All that is needed is the line containing "酥油花、青稞苗、藏式對聯……" and the lines after it to the end of the material, written out exactly, pictures left aside.

Start of Data

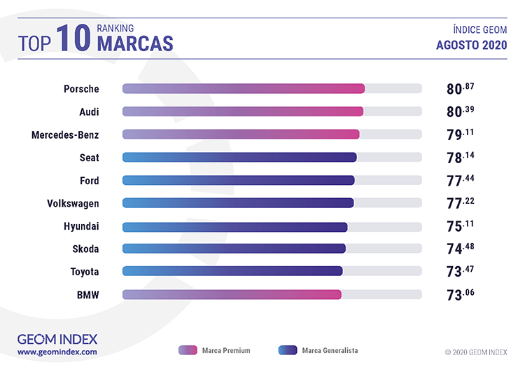 La firma alemana Porsche se convirtió en agosto en la marca más valorada por los internautas españoles según GEOM Index, el índice de referencia para el mercado automovilístico español que tiene en cuenta tanto la opinión de los usuarios en la red como la notoriedad que alcanzan los fabricantes. Porsche se impuso a otras dos firmas premium germanas, ya que Audi y Mercedes-Benz completaron el podio. En el apartado de modelos, el Seat Leon se convirtió en el coche con mejor valoración del mes, mientras que el Porsche Panamera y el Land Rover Defender le acompañaron en las posiciones de honor.
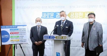 임동원 ‘렛츠 디엠지 조직위원장(전 통일부장관)과 이재강 평화부지사, 강헌 집행위원장(경기문화재단 대표)은 16일 경기도청에서 공동브리핑을 열고 ‘렛츠 디엠지(Let’s DMZ)’ 행사계획을 발표했다.
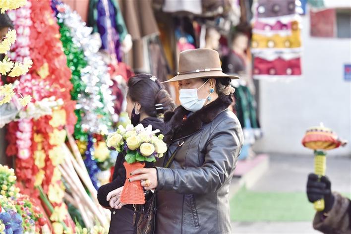 酥油花、青稞苗、藏式對聯……索朗的手上拿滿了年貨。今年29歲的索朗在日喀則市上班,趁著這次休假回拉薩,他帶著妻子和女兒一起過來購買年貨。“我們很早就過來了,就怕來得晚選擇性不多,現在年貨基本上都備齊了,再去買個切瑪盒就差不多了。”
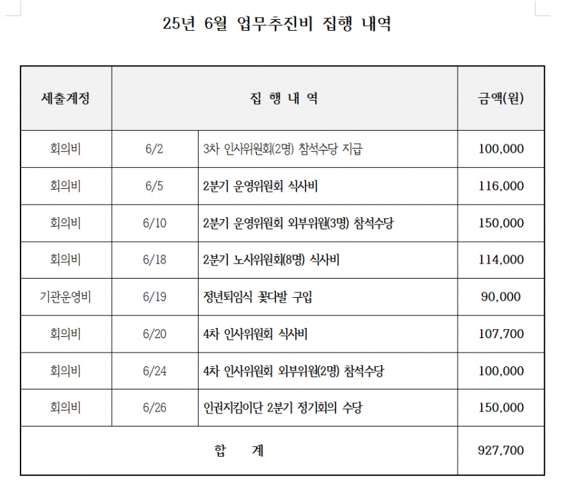 6월 업무추진비 내역공고 페이지 정보 작성자 한동주 작성일 25-07-04 17:35 조회 8,728회 댓글 0건 본문 6월 업무추진비를 다음과 같이 공고합니다. 이전글 다음글 목록 답변

End of Data

§ Exercise answer:
 酥油花、青稞苗、藏式對聯……索朗的手上拿滿了年貨。今年29歲的索朗在日喀則市上班,趁著這次休假回拉薩,他帶著妻子和女兒一起過來購買年貨。“我們很早就過來了,就怕來得晚選擇性不多,現在年貨基本上都備齊了,再去買個切瑪盒就差不多了。”
 6월 업무추진비 내역공고 페이지 정보 작성자 한동주 작성일 25-07-04 17:35 조회 8,728회 댓글 0건 본문 6월 업무추진비를 다음과 같이 공고합니다. 이전글 다음글 목록 답변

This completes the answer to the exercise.